The Eight 'Matrikas of Durga'

 Jan 29 2013

  • Matrikas are a group of Hindu goddesses who emerged out of Durga Mahalakshmi and are always depicted together. Since they are usually depicted as a heptad, a set of seven and are called Saptamatrikas. The Matrikas are described as having inauspicious qualities and often described as dangerous. They represent the prodigiously rich aspect of nature as well as its destructive force.

  • However, in the Mahabharata, all the seven mothers are described as fatal or serve as threats to foetuses or infants. They are described as living in trees, crossroads, caves and funeral grounds and they are terrible as well as beautiful. They are armed with the same weapons, wear the same ornaments, and ride the same vahanas and carry the same banners as their corresponding male deities.

  • Matrika Brahmaniis the Shakti (power) of the creator god Brahma. She is depicted yellow in colour and with four heads. She may be depicted with four or six arms. Like Brahma, she holds a rosary or noose and kamandalu (water pot) or lotus stalk or a book or bell and is seated on a Hamsa (identified with a swan or goose) as her vahana (mount or vehicle). She is also shown seated on a lotus with the hamsa on her banner. She wears various ornaments and is distinguished by her basket-shaped crown called Karna Mukuta.Her place is under a Palas tree. During the great battle between Maha devi and the demons Shumb- Nishumb, Brahmi Devi vanquished the demon armies by sprinkling holy water from her kamandal while riding on her swan.

  • Matrika Vaishnavi, the power of the preserver-god Vishnu, is described as seated on the Garuda (eagle-man) and having four or six arms. She holds Shankha (conch), Chakra (Discus), mace & lotus and bow & sword or her two arms are in varada mudra (Blessing hand gesture) and abhaya mudra ("No-fear" hand gesture). Like Vishnu, she is heavily adorned with ornaments like necklaces, anklets, earrings, bangles etc. and a cylindrical crown called Kritika Mukuta.

  • Mantrika Indrani, also known as Mahendri, Shakri and Vajri, is the power of the Indra, the Lord of the heaven. She is depicted as having two or three or like Indra, a thousand eyes. She is armed with the Vajra (thunderbolt), goad, noose and lotus stalk. Adorned with variety of ornaments, she wears the Kritika Mukuta.

  • Mantrika Varahi or Vairali is described as the power of Varaha - the boar-headed form of Vishnu or Yama - the god of death, has a boar head on a human body and rides a ram or a buffalo. She wears a crown calledKarna Mukutawith other ornaments.

  • Mantrika Chamunda, also known as Chamundi and Charchika is the power of Devi (Chandi). She is very often identified with Kali and is similar in her appearance and habit. The identification with Kali is explicit in Devi Mahatmya. The black coloured Chamunda is described as wearing a garland of severed heads or skulls (Mundamala) and holding a damaru, trishula, sword and panapatra.

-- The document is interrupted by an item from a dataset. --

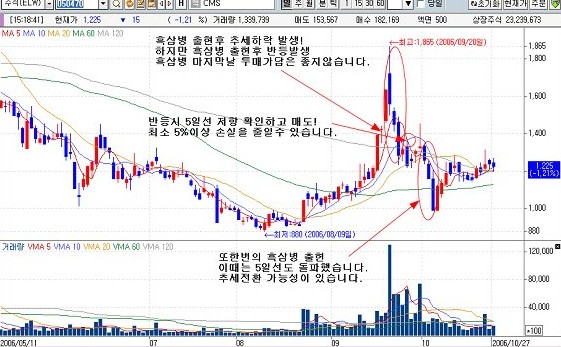 흑삼병은 상승의 추세가 종료되는 저가 근방에서 시작하고 길이가 긴 음봉을 갖고 직전 일봉들에 대해서 종가 기준 하락폭이 계속 확대가 되서 나타나는 34개에 일봉으로 형성이 됩니다 분명 흑삼의 출현은 하락추세로에 전환을 의미하나 주식을 매도의 타이밍도 아주 중요합니다 흑삼이 출현을 했다해 무조건 3일째 음선에서 추격매도를 하는 기법들은 좋지 않습니다 흑삼이 출현을 하면 대부분 단기급락에 따른 반발매수세가 유입이 됩니다 즉 반등이 발생을 하게 되는데 흑삼 출현시에 추격매도하게 되면 손실을 줄일수가 있는 기회를 놓치게 됩니다 흑삼이 출현을 하게 되면 최대한 반등을 이용해 매도를 해야 합니다 또 데이트레이더는 변동성이 심해지는 구간인 만큼 단기매수급소로 판단을 해볼수도 있습니다 흑삼의 출현을 위에서 배워본 하락삼중창과 비슷한 원리를 갖고 있으며 흑삼병의 출현시에 개인의 투매가 강하게 발생을 하면 V형 상승이 나타날수도 있습니다 바닥권에서 매집중인 종목중 상한가 잘나오는 세력매집종목은 따로 있습니다 세력연구소 검색후 가보시면 상한가 잘나온 차트자료가 있는데요 보시면 크게 도움이 되실겁니다 이러한 경우 매도를 하고서 큰 후회를 하게 될 수도 있습니다 절대 흑삼 마지막날에 투매에 가담을 해선 안됩니다 그 다음날 반등을 이용해서 매도를 해야하고 반등이 없으면 그때 확인을 하고 매도를 해도 늦지 않다고 볼 수 있습니다

  • Mantrika Narasimhani, power of Narasimha (lion-man form of Vishnu), is a woman-lion and throws the stars into disarray by shaking her lion mane.

  • Kaumari , also known as Kumari, Karttikeyani and Ambika is the power of Kumara (Kartikeya or Skanda), the god of war. Kaumari rides a peacock and has four or twelve arms. She holds a spear, axe, a Shakti (power) or Tanka (silver coins) and bow. She is sometimes depicted six-headed like Kumara and wears the cylindrical crown.

  • Maheshvari is the power of god Shiva, also known as Maheshvara. Maheshvari is also known by the names Raudri, Rudrani and Maheshi, derived from Shiva's names Rudra and Mahesh. Maheshvari is depicted seated on Nandi (the bull) and has four arms. The white complexioned & with trinetra (threeeyed), holds the trident just like Lord Shiva and a damarukam similar to him in her two hands. Her other two hands are in the abhaya and varada mudra. She is adorned with serpent bracelets, the crescent moon and the jaṭa mukuṭa (A head dress formed of piled, matted hair).